» **The data**
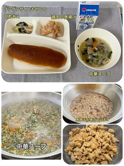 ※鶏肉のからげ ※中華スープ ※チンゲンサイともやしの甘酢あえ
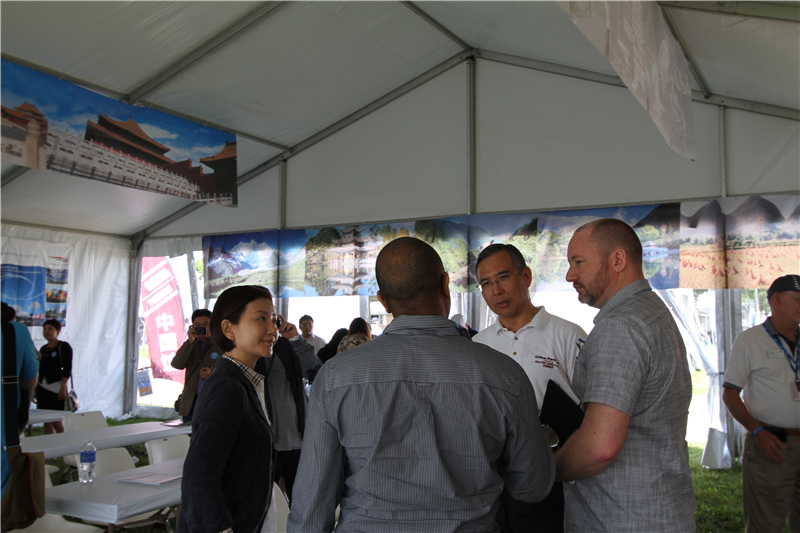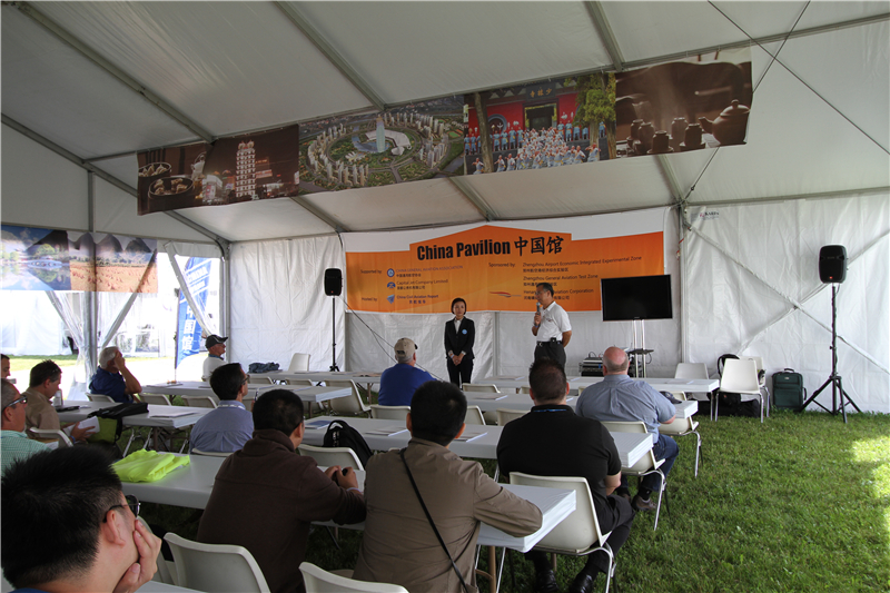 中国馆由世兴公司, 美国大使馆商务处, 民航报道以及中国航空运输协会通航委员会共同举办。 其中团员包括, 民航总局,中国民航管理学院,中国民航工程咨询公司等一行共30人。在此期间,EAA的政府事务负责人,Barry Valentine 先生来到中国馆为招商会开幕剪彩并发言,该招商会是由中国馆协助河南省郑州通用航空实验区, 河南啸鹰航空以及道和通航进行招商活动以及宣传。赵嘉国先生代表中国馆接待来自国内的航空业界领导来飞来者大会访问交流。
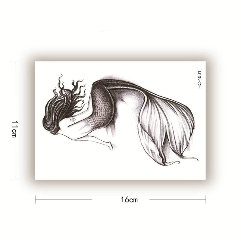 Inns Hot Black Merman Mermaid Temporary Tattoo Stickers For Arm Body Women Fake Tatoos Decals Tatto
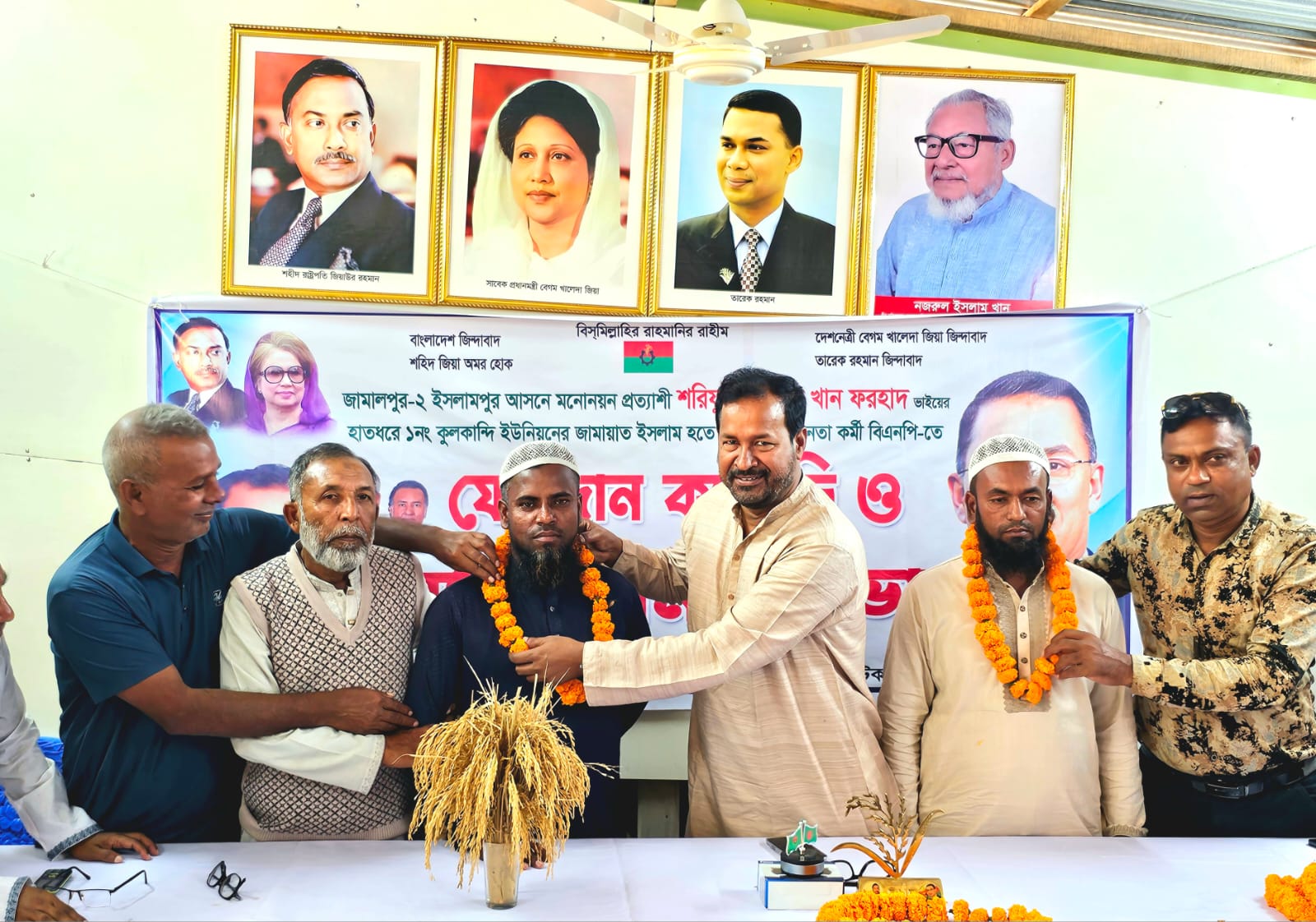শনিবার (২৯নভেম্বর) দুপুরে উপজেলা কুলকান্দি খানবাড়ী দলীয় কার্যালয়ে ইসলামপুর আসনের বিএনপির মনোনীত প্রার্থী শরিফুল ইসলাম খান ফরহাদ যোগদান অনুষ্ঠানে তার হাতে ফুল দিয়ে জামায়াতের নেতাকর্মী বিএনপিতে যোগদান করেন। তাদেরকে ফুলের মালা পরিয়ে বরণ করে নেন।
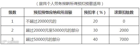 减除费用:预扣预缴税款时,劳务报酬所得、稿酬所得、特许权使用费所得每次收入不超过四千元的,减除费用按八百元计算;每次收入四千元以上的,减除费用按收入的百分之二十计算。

» **Instructions for the task**
The expected answer is the lines from the one that has "中国馆由世兴公司, 美国大使馆商务处, 民航报道以及中国航空运输协会通航委员会共同举办。" to the end of the listing, transcribed exactly, with pictures left out and no other line added.

» **Result**
 中国馆由世兴公司, 美国大使馆商务处, 民航报道以及中国航空运输协会通航委员会共同举办。 其中团员包括, 民航总局,中国民航管理学院,中国民航工程咨询公司等一行共30人。在此期间,EAA的政府事务负责人,Barry Valentine 先生来到中国馆为招商会开幕剪彩并发言,该招商会是由中国馆协助河南省郑州通用航空实验区, 河南啸鹰航空以及道和通航进行招商活动以及宣传。赵嘉国先生代表中国馆接待来自国内的航空业界领导来飞来者大会访问交流。
 Inns Hot Black Merman Mermaid Temporary Tattoo Stickers For Arm Body Women Fake Tatoos Decals Tatto
শনিবার (২৯নভেম্বর) দুপুরে উপজেলা কুলকান্দি খানবাড়ী দলীয় কার্যালয়ে ইসলামপুর আসনের বিএনপির মনোনীত প্রার্থী শরিফুল ইসলাম খান ফরহাদ যোগদান অনুষ্ঠানে তার হাতে ফুল দিয়ে জামায়াতের নেতাকর্মী বিএনপিতে যোগদান করেন। তাদেরকে ফুলের মালা পরিয়ে বরণ করে নেন।
 减除费用:预扣预缴税款时,劳务报酬所得、稿酬所得、特许权使用费所得每次收入不超过四千元的,减除费用按八百元计算;每次收入四千元以上的,减除费用按收入的百分之二十计算。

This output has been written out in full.